Concept albums are difficult things to get right. Most of the best-known examples from the ‘70s ‘rock opera’ heyday – Bowie’s Ziggy Stardust, Alice Cooper’s Welcome to my Nightmare, Meat Loaf’s Bat Out of Hell – really just have a theme. A vibe is created; a journey undertaken. Do they make sense from beginning to end though? Does the story lose a chapter with each song skipped?
There’s equally the risk of sinking your album under the weight of your conceptualizing. Two examples that got it right recently were Coop’s three-decades-overdue sequel, Welcome 2 My Nightmare (the ‘twist’ ending of which is surely one of the greatest moments in the genre’s history) and sometime film director Plan B’s The Defamation of Strickland Banks – the sweet r&b saga of a soul singer’s experiences on remand, while wrongly accused of sexual assault. (‘Traded In My Cigarettes’ is possibly the most gloriously summery song ever recorded about swapping your commissary for a prison shank.) For the form’s peak though, you have to reach back to the era of Red Headed Stranger -Willie Nelson’s exemplary, genre-hopping, 34-minute concept album of betrayal, murder, sorrow and salvation – and it’s to Nelson’s home of the lone star state that Huck returns us.
June 12th marked the full fruition of something long-coming for Oxford. While Huck has been performing songs and extracts from the project around town for years, this PinDrop Production was the city’s first chance to see the full stage performance of all three acts of Alexander the Great. Billed as a ‘queer Dixie runaway myth folk operetta’ (and if that doesn’t get you going, what’s wrong with you), Alexander is a deep south coming-of-age rock opera, following 15-year-old Alexander on a journey through rebellion, drugs, sexuality and police custody.
As the lights dim, Humphrey ‘Huck’ Astley takes the stage, a rail-thin marionette, all purest white and Kramer hair. Behind him, the Xander Band, in bolo ties and uniform short-sleeved black shirts, lie somewhere between shit-kicking bar band and surly strippergrams. Simple touches, but these are the things from which Alexander the Great generates such a potent, involving atmosphere.
The plaintive opening call ‘I was a bored little boy…‘ leads us into ‘Alex’, and the woozy naivety of our hero’s restless, religious Texan upbringing. It’s with the ascending tribal thump of ‘The Ancient Greeks’ though – and the arrival of the “half-Caddo Indian kid” Johnny Crow – that the adventure begins; Johnny leading Alex to get stoned in the library as a vast projection of a crow towers over the stage. The show’s video backdrop, by Matt Halliday and Ryan Quarterman, adds a lot.
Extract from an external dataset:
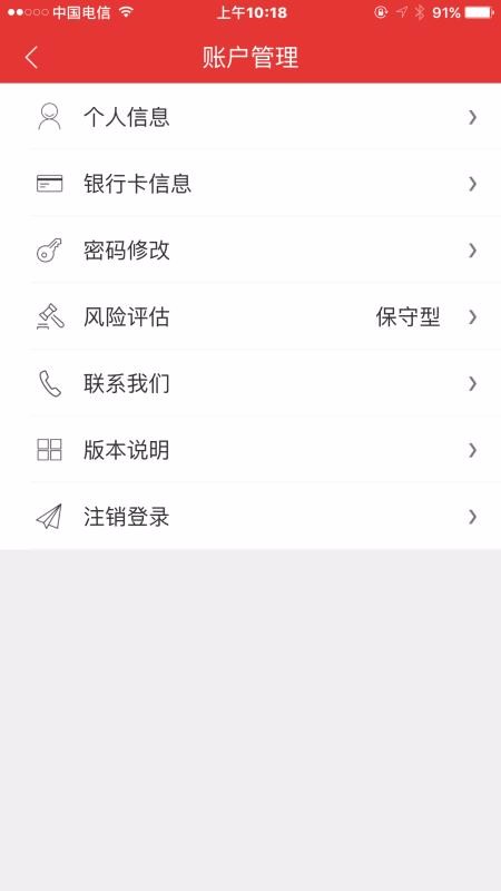5、在账户管理页面,选择个人信息、银行卡信息、密码修改、风险评估等

One of the show’s main strengths is Huck’s refusal to break character – there’s no between song chatter; his performance holding Alex’s earnestly wide-eyed curiosity – and the visuals emphasise the momentum; the continuous stream of images flitting from road movie speed perpetual motion to swirling, cycling eddies of contemplation.
The division of the show into Acts isn’t an arbitrary affectation. As the close of Act I finds our boys driven from Texas by rumour and familial disgust – Alex leaving with the lost, embattled decree that ‘We’re innocent’ – Act II finds us hustling the dirty neon backstreets of New Orleans. The raunchy strut of ‘Xander’ drops us straight into Alex’s – now Xander’s – lurid, blaring rebellion; into the Birds’ Nest squat of drugs and rock & roll guitar. From there, events take a rapid downward turn, the haunting, enclosing unease of ‘Statement after a Death’ finding Xander alone in cell.
Anyone who’s seen Huck live before knows the power of his unnaturally huge voice. A mischievous Loki to the monumental Thor of Scott Walker – with just a hint of Moz melancholy – it swims effortlessly through the pinched characterisation of Xander’s tones, to his friend Louise, and even into a full-blown, deep country croon for the voice of Xander’s godlike father.
One of the smartest things about Alexander the Great is that while Huck has released the first two Acts as EPs, he’s so far held back the third. This allows audience members an idea of what to expect – albeit with the Xander Band adding extra muscle live – buts lets the vast and soaring New Mexican third Act retains its full impact. I’m not about to give it away now, but the resolution and metaphysical revelation of Act III – in which ‘Xander’, formerly ‘Alex’, once more becomes ‘Alexander’ – definitely raises the story to another level.
Following these initial shows, there’s now talk of a forthcoming, more extensive tour to look out for, as well as the eventual EP release of Act III. Alexander the Great is a powerful live show, whose songs reward repeated listening. Alexander is a character caught in a confluence of great stories – from the Bible and lives of the saints from his youth, through movies, Peter Pan, school history lessons, dreams – and the contexts they put his life in. An innocent striving to break out, into his own way. It’s a production of details and cumulative layering, and one full of dualities – whether racial, familial, sexual – and people of halves caught between two worlds. As Alex tells us early on, ‘Love itself is as motley as the gods’. Amen.